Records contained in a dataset
- - - - -

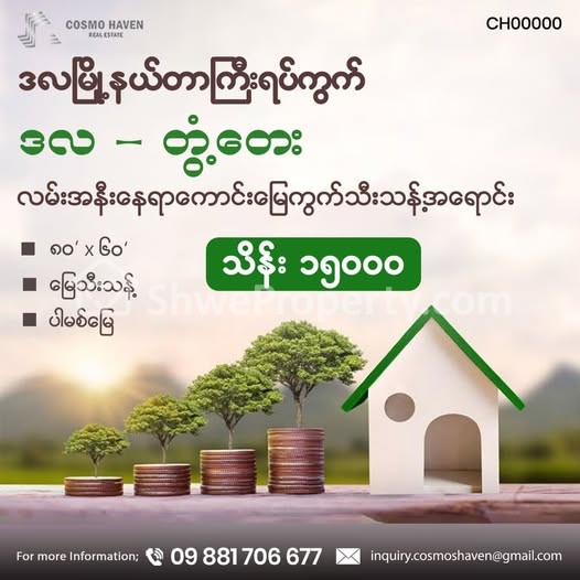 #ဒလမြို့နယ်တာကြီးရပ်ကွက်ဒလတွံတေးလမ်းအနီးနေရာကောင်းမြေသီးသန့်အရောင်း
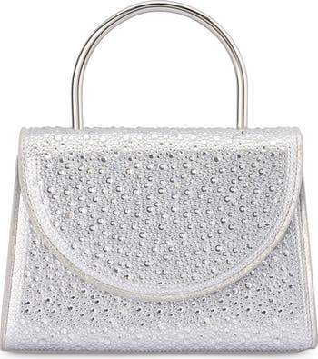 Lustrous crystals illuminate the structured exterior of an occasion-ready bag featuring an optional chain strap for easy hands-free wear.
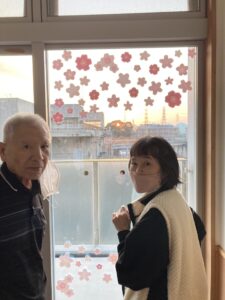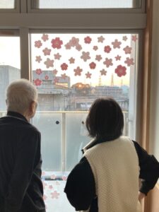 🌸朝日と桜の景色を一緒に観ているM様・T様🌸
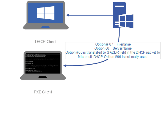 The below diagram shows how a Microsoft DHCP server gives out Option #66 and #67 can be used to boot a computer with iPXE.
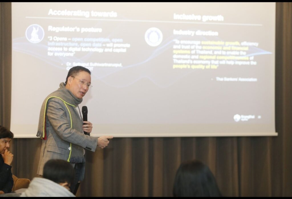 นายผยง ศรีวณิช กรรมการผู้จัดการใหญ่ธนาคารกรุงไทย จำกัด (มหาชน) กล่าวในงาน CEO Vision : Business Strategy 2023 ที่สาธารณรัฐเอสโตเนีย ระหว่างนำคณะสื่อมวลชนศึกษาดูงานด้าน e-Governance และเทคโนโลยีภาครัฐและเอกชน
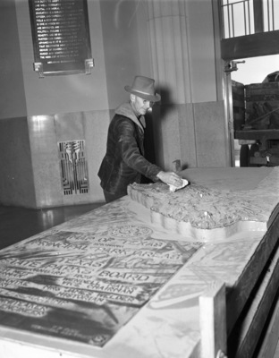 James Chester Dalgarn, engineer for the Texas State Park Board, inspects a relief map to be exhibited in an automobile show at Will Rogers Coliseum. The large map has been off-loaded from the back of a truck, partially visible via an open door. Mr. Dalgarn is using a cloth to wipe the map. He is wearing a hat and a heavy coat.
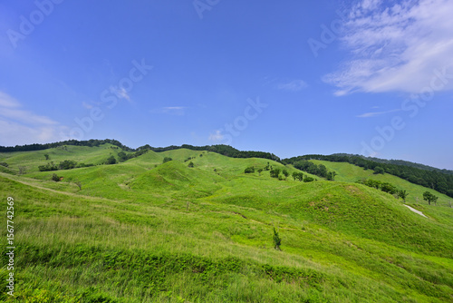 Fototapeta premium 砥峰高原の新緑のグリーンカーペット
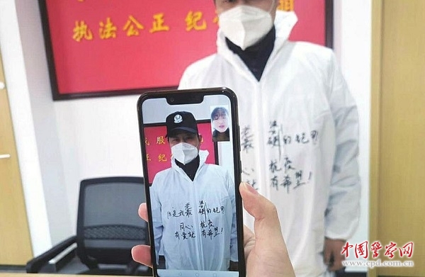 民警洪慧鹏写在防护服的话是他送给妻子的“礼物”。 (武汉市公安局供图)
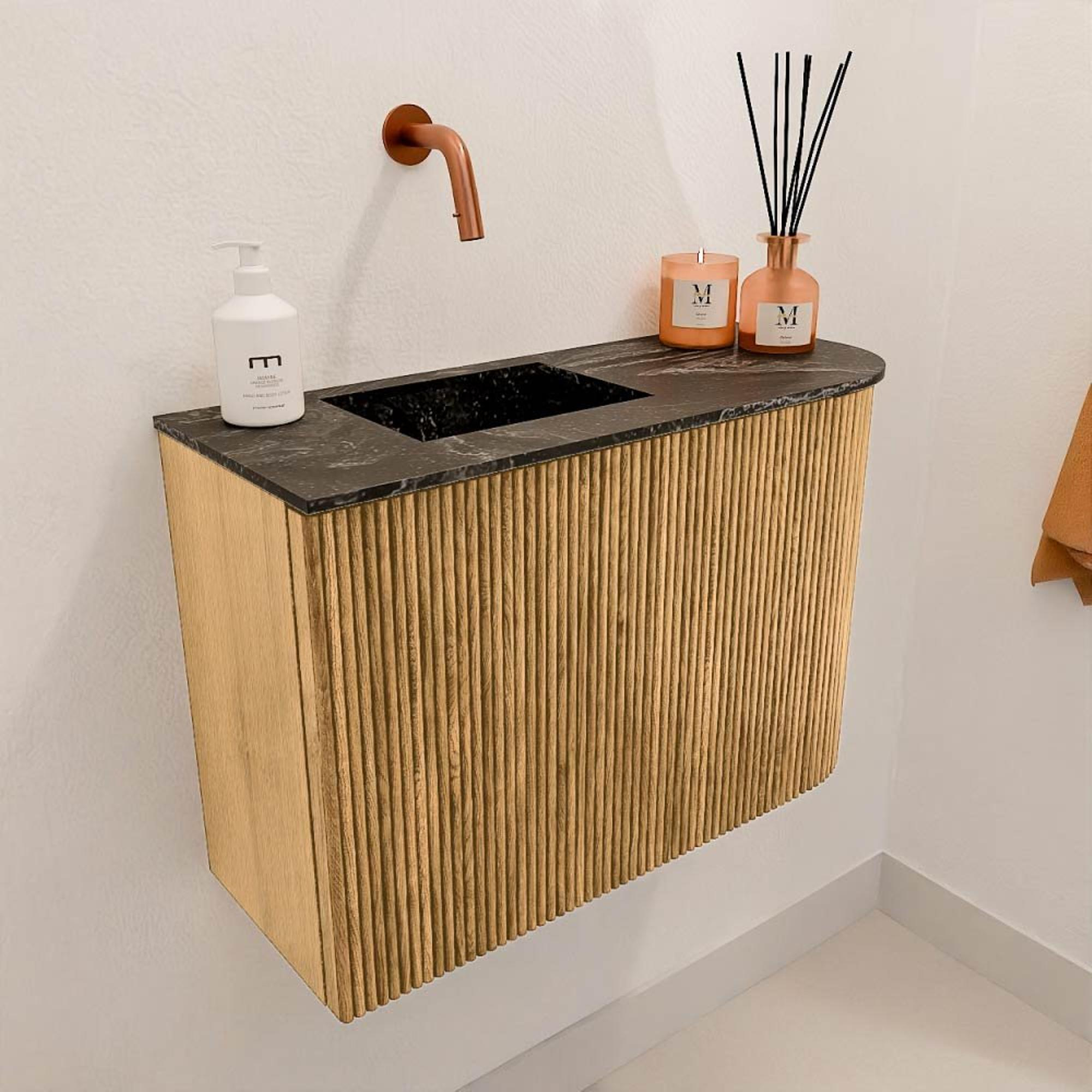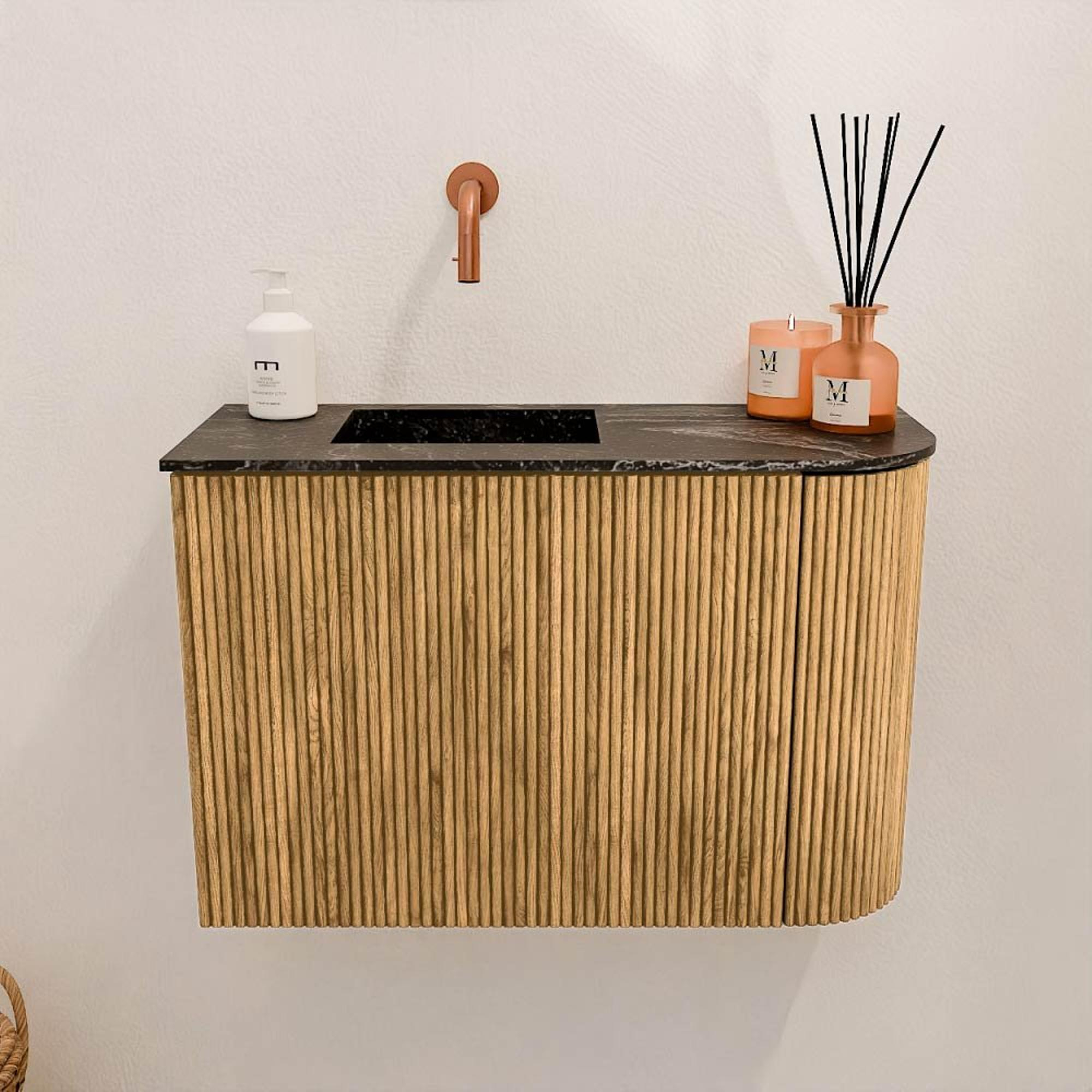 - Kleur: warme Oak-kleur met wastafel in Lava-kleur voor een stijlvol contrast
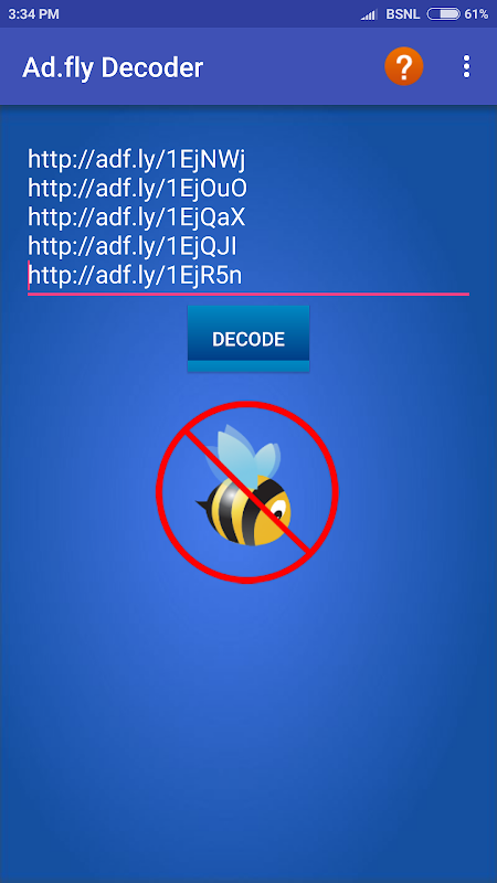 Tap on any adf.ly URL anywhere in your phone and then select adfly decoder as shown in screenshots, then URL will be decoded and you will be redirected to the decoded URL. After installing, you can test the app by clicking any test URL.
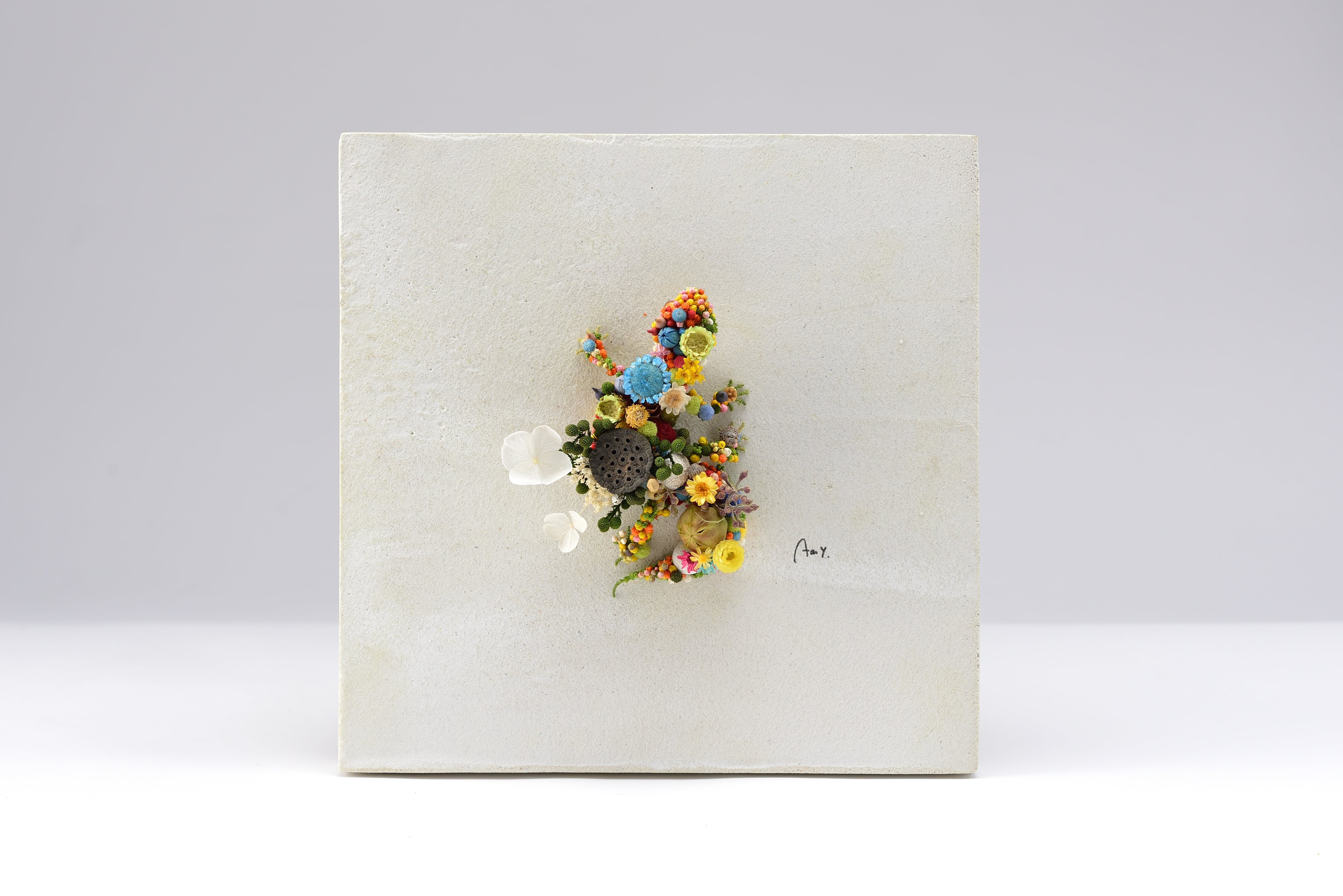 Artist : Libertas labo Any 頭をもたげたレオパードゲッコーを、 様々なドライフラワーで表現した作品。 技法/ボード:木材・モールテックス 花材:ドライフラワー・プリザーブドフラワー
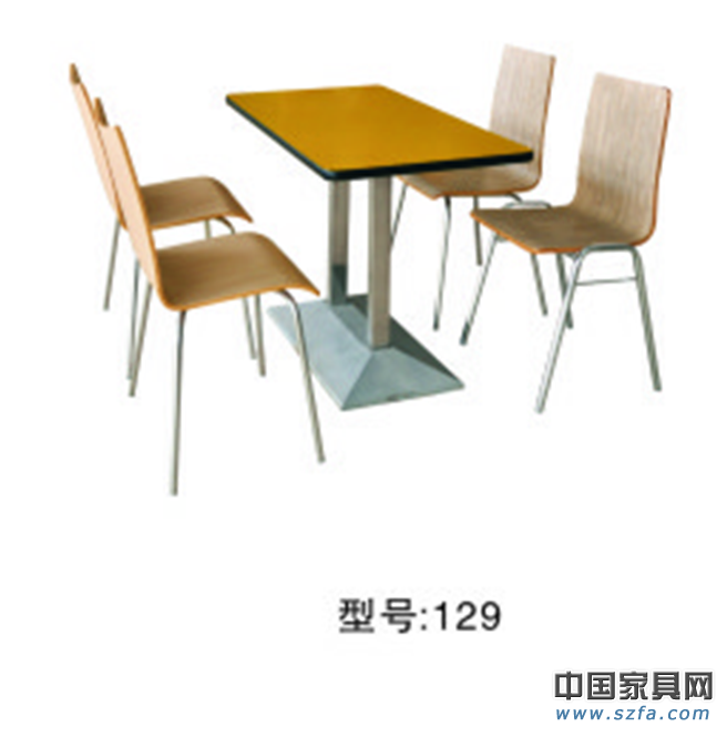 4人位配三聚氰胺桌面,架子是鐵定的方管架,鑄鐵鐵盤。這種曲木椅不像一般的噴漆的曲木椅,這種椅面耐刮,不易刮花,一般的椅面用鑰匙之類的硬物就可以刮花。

- - - - -

▶ _PROBLEM DESCRIPTION_: Since the copy should hold text only, set down each record exactly and leave the pictures out.

▶ _TASK RESULT_:
 #ဒလမြို့နယ်တာကြီးရပ်ကွက်ဒလတွံတေးလမ်းအနီးနေရာကောင်းမြေသီးသန့်အရောင်း
 Lustrous crystals illuminate the structured exterior of an occasion-ready bag featuring an optional chain strap for easy hands-free wear.
 🌸朝日と桜の景色を一緒に観ているM様・T様🌸
 The below diagram shows how a Microsoft DHCP server gives out Option #66 and #67 can be used to boot a computer with iPXE.
 นายผยง ศรีวณิช กรรมการผู้จัดการใหญ่ธนาคารกรุงไทย จำกัด (มหาชน) กล่าวในงาน CEO Vision : Business Strategy 2023 ที่สาธารณรัฐเอสโตเนีย ระหว่างนำคณะสื่อมวลชนศึกษาดูงานด้าน e-Governance และเทคโนโลยีภาครัฐและเอกชน
 James Chester Dalgarn, engineer for the Texas State Park Board, inspects a relief map to be exhibited in an automobile show at Will Rogers Coliseum. The large map has been off-loaded from the back of a truck, partially visible via an open door. Mr. Dalgarn is using a cloth to wipe the map. He is wearing a hat and a heavy coat.
 Fototapeta premium 砥峰高原の新緑のグリーンカーペット
 民警洪慧鹏写在防护服的话是他送给妻子的“礼物”。 (武汉市公安局供图)
 - Kleur: warme Oak-kleur met wastafel in Lava-kleur voor een stijlvol contrast
 Tap on any adf.ly URL anywhere in your phone and then select adfly decoder as shown in screenshots, then URL will be decoded and you will be redirected to the decoded URL. After installing, you can test the app by clicking any test URL.
 Artist : Libertas labo Any 頭をもたげたレオパードゲッコーを、 様々なドライフラワーで表現した作品。 技法/ボード:木材・モールテックス 花材:ドライフラワー・プリザーブドフラワー
 4人位配三聚氰胺桌面,架子是鐵定的方管架,鑄鐵鐵盤。這種曲木椅不像一般的噴漆的曲木椅,這種椅面耐刮,不易刮花,一般的椅面用鑰匙之類的硬物就可以刮花。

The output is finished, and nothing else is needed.